Fly Club Air plans to fly from Blackbushe airport in Hampshire, 30 miles west of central London, charging £1,495 per month (plus a £595 joining fee) and using two Beechcraft King Air 250 aircraft with seven passenger seats. (“There is a loo too, but I’d try not to use it,” says Andrew Golding, chief marketing officer.) Surf Air will begin with four eight-seater planes (jets rather than turboprops because of the longer distances in Europe), initially flying from the private terminal at Luton but expanding to Biggin Hill, 15 miles south of central London, next year. It will charge £2,500 per month, with a £1,000 joining fee. Those fees only allow members to hold two flights in advance, but members on higher tariffs can hold up to six.

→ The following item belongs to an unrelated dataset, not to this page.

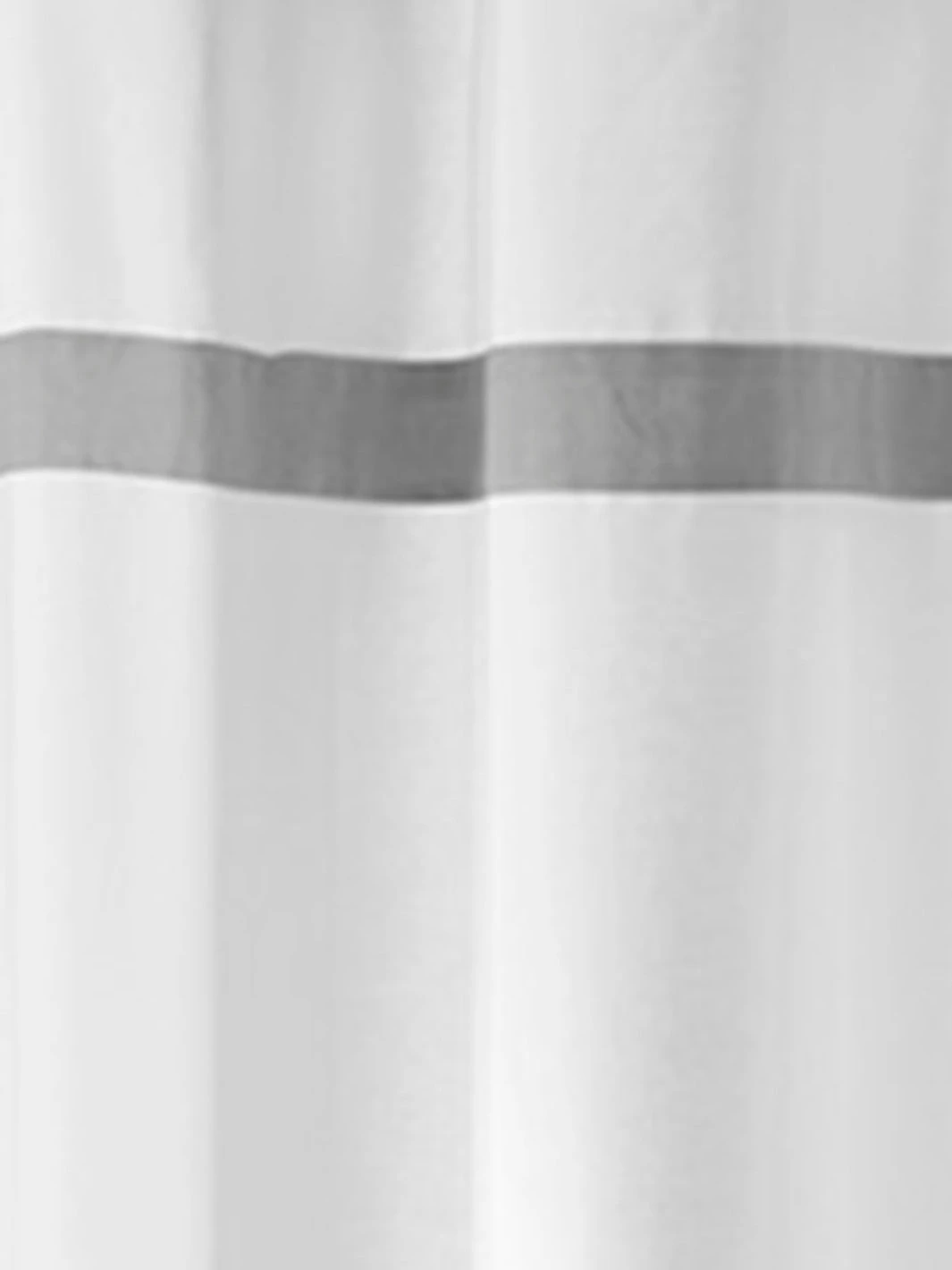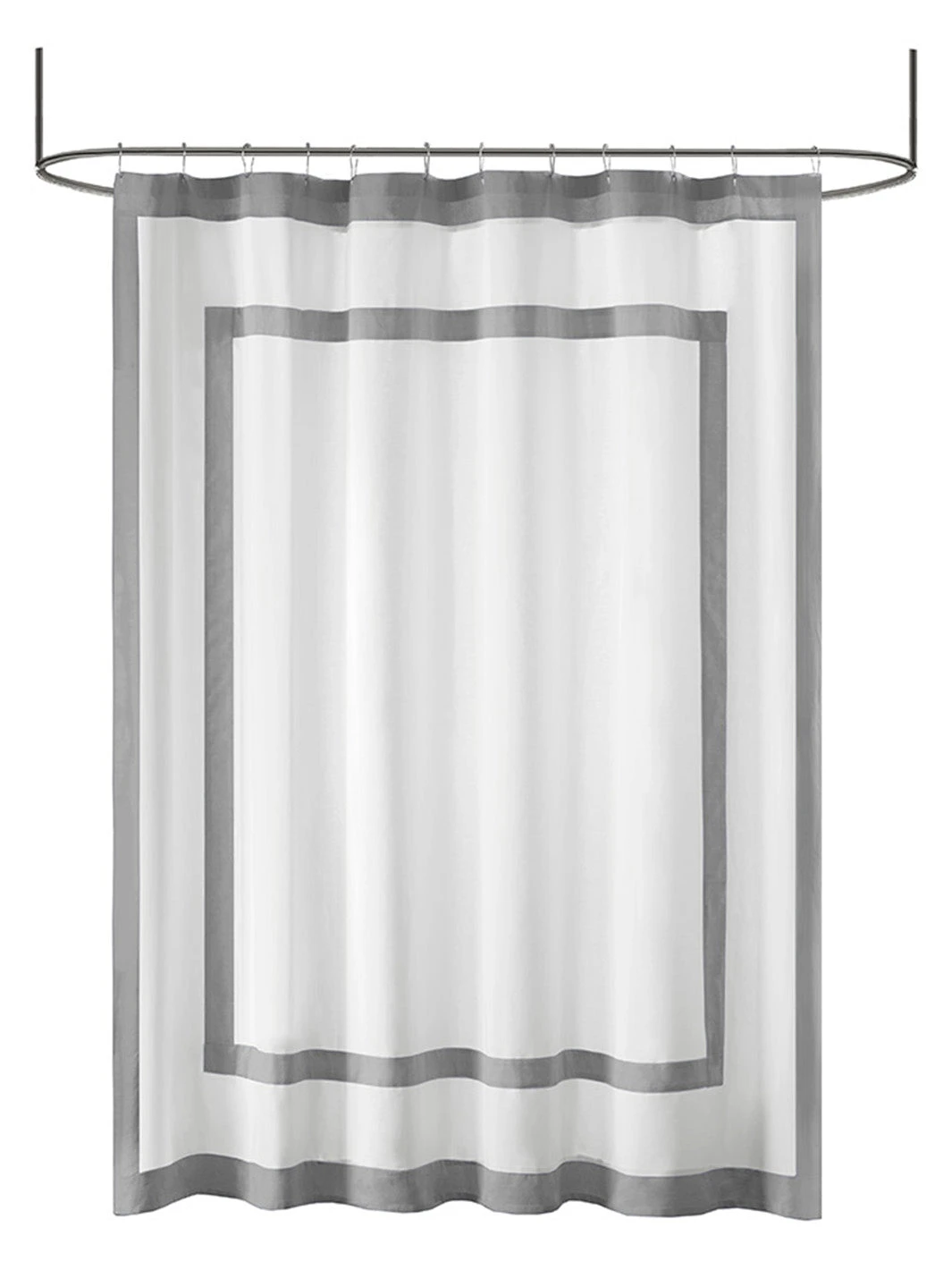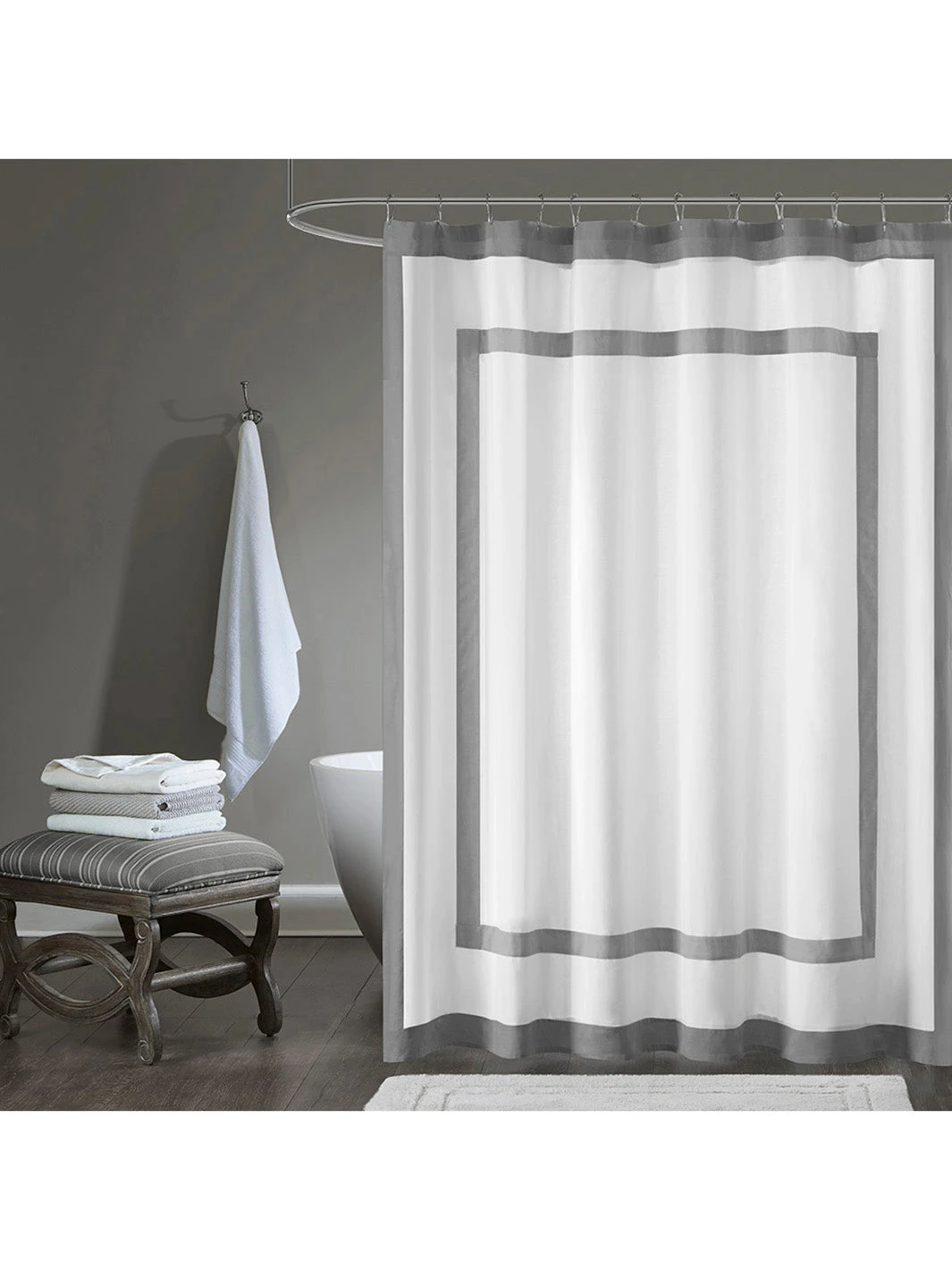The Madison Park Greyson shower curtain creates a contemporary update to your space. Pieced, cotton duck fabric in solid white is in the center while a charcoal grey creates an outer border and inset border for a simple yet colorful new look.

The model helps remove some of the risk in launching an airline — a certain income is guaranteed even before the first flight takes off — but new technology has also played a key role, cutting the need for booking and ticketing staff. Surf Air Europe, operating from a shared office in Mayfair, will only have 20 directly employed staff by the time of launch. Low fuel prices have helped too, as has the rise in the number of people who work and live in different cities, and the fact that conventional airlines have cut back business class perks.

However success remains far from guaranteed. Beacon, a New York membership airline that launched in 2015, lasted just eight months. Take Air stopped its scheduled flights between Antwerp and Zurich in January after less than a year; it will now be incorporated into Fly Club Air.

Such examples have done little to temper ambitions. Talling-Smith says by 2021 he anticipates flying 60-70 aircraft in the US, 50 in Europe, 20 in the Middle East and 20 in India. “We’re not just an alternative to private jets for high net worths,” says Golding. “We’re for the regular business traveller who wants to avoid queues, stop wasting time and get home for tea.”